Narongkiatikhun Phoom, Choi Ye Ji, Hampson Hailey, Gotzamanis Jimmy, Zhang Guanshi, van Raalte Daniel H, de Boer Ian H, Nelson Robert G, Tommerdahl Kalie L, McCown Phillip J, Kanter Jenny, Sharma Kumar, Bjornstad Petter, Saulnier Pierre Jean
Division of Endocrinology, Department of Medicine, Metabolism and Nutrition, University of Washington School of Medicine, Seattle, Washington, USA.
Division of Nephrology, Department of Internal Medicine, Faculty of Medicine, Chiang Mai University, Chiang Mai, Thailand.
Kidney Int Rep. 2024 Oct 4;9(12):3386-3402. doi: 10.1016/j.ekir.2024.09.019. eCollection 2024 Dec.

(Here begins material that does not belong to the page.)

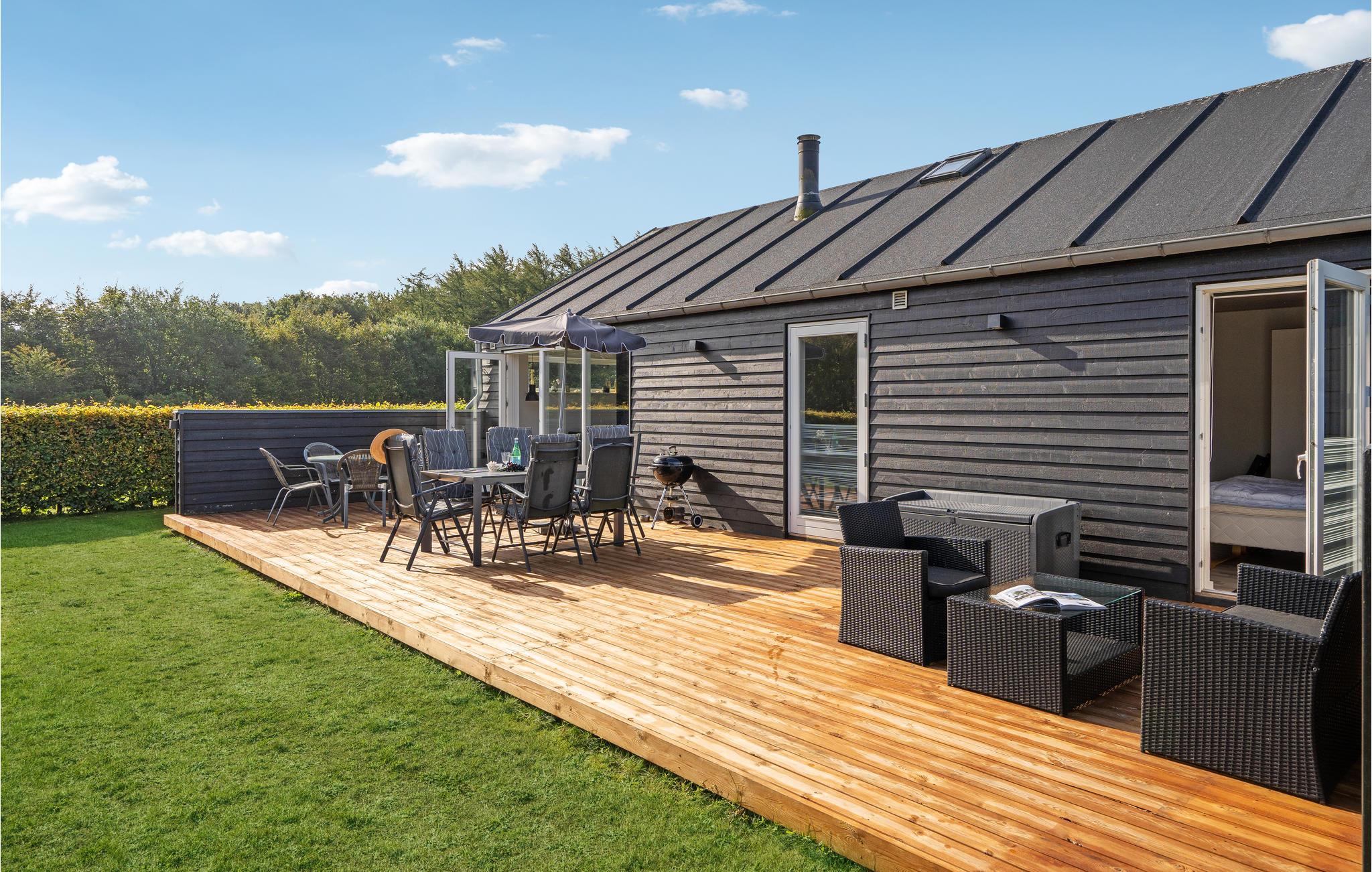 Glæd jer et ophold i dette dekorative og stilfuldt indrettede feriehus, hvor I finder både plads og hjemlig atmosfære. I stuen kan I slappe af i lædersofaerne og se en film eller spille et spil, mens de andre forbereder aftensmaden i køkkenet. Måltiderne kan I nyde sammen ved spisebordet eller ude på den åbne terrasse. Udenfor finder børnene plads til at lege og brede sig i haven.

Mitochondria are essential for cellular energy production and are implicated in numerous diseases, including diabetic kidney disease (DKD). Current evidence indicates that mitochondrial dysfunction results in alterations in several metabolic pathways within kidney cells, thereby contributing to the progression of DKD. Furthermore, mitochondrial dysfunction can engender an inflammatory milieu, leading to the activation and recruitment of immune cells to the kidney tissue, potentially perturbing intrarenal metabolism. In addition, this inflammatory microenvironment has the potential to modify immune cell metabolism, which may further accentuate the immune-mediated kidney injury. This understanding has led to the emerging field of immunometabolism, which views DKD as not just a metabolic disorder caused by hyperglycemia but also one with significant immune contributions. Targeting mitochondrial function and immunometabolism may offer protective effects for the kidneys, complementing current therapies and potentially mitigating the risk of DKD progression. This comprehensive review examines the impact of mitochondrial dysfunction and the potential role of immunometabolism in DKD. We also discuss tools for investigating these mechanisms and propose avenues for integrating this research with existing therapies. These insights underscore the modulation of mitochondrial function and immunometabolism as a critical strategy for decelerating DKD progression.
线粒体对于细胞能量产生至关重要,并且与包括糖尿病肾病(DKD)在内的多种疾病有关。目前的证据表明,线粒体功能障碍会导致肾细胞内多种代谢途径发生改变,从而促进DKD的进展。此外,线粒体功能障碍可引发炎症环境,导致免疫细胞激活并募集至肾组织,可能扰乱肾内代谢。此外,这种炎症微环境有可能改变免疫细胞代谢,这可能会进一步加重免疫介导的肾损伤。这种认识催生了免疫代谢这一新兴领域,该领域认为DKD不仅是由高血糖引起的代谢紊乱,而且也是一种有显著免疫作用的疾病。针对线粒体功能和免疫代谢可能对肾脏起到保护作用,补充当前的治疗方法,并有可能降低DKD进展的风险。这篇综述全面探讨了线粒体功能障碍的影响以及免疫代谢在DKD中的潜在作用。我们还讨论了研究这些机制的工具,并提出了将该研究与现有治疗方法相结合的途径。这些见解强调了调节线粒体功能和免疫代谢是减缓DKD进展的关键策略。